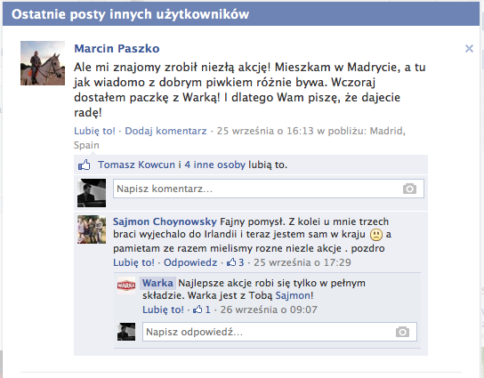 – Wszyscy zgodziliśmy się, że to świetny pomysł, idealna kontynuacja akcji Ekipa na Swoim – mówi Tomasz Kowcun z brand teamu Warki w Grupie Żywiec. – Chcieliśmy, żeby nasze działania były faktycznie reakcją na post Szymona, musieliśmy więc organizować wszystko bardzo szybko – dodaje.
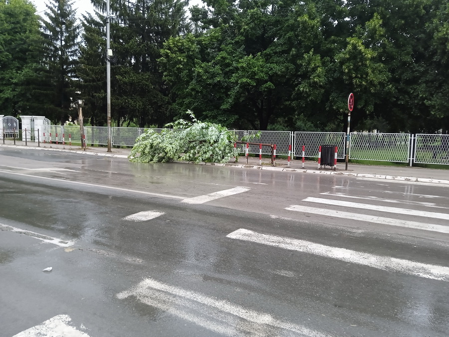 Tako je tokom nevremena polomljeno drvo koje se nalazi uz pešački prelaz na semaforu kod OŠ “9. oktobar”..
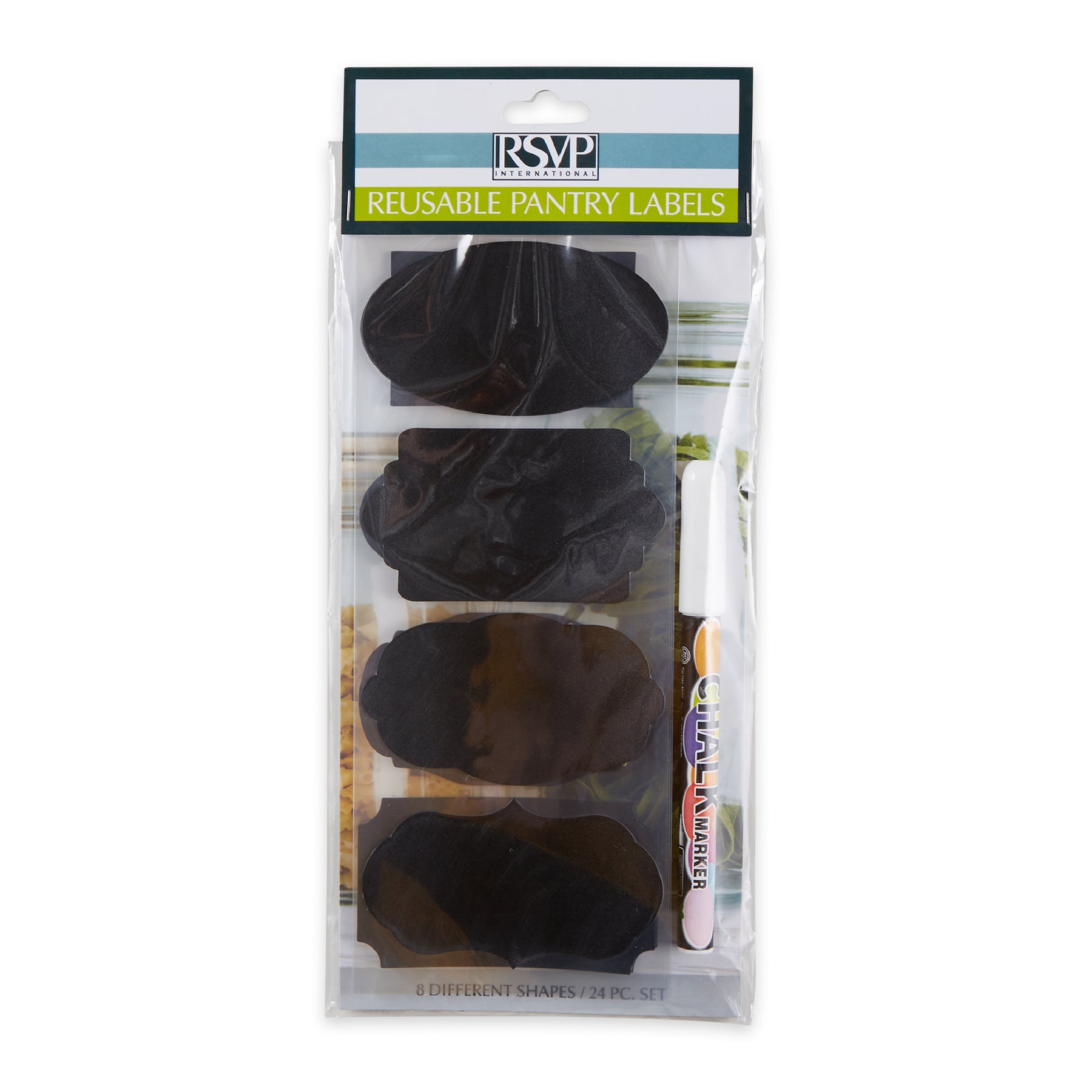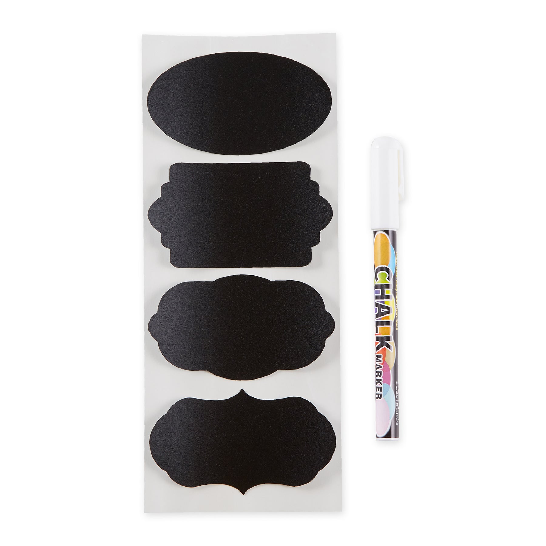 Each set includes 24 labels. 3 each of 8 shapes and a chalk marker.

#####

Exercise directions:
Copy out each line of the data exactly as it reads; skip the pictures.

The answer:
 – Wszyscy zgodziliśmy się, że to świetny pomysł, idealna kontynuacja akcji Ekipa na Swoim – mówi Tomasz Kowcun z brand teamu Warki w Grupie Żywiec. – Chcieliśmy, żeby nasze działania były faktycznie reakcją na post Szymona, musieliśmy więc organizować wszystko bardzo szybko – dodaje.
 Tako je tokom nevremena polomljeno drvo koje se nalazi uz pešački prelaz na semaforu kod OŠ “9. oktobar”..
 Each set includes 24 labels. 3 each of 8 shapes and a chalk marker.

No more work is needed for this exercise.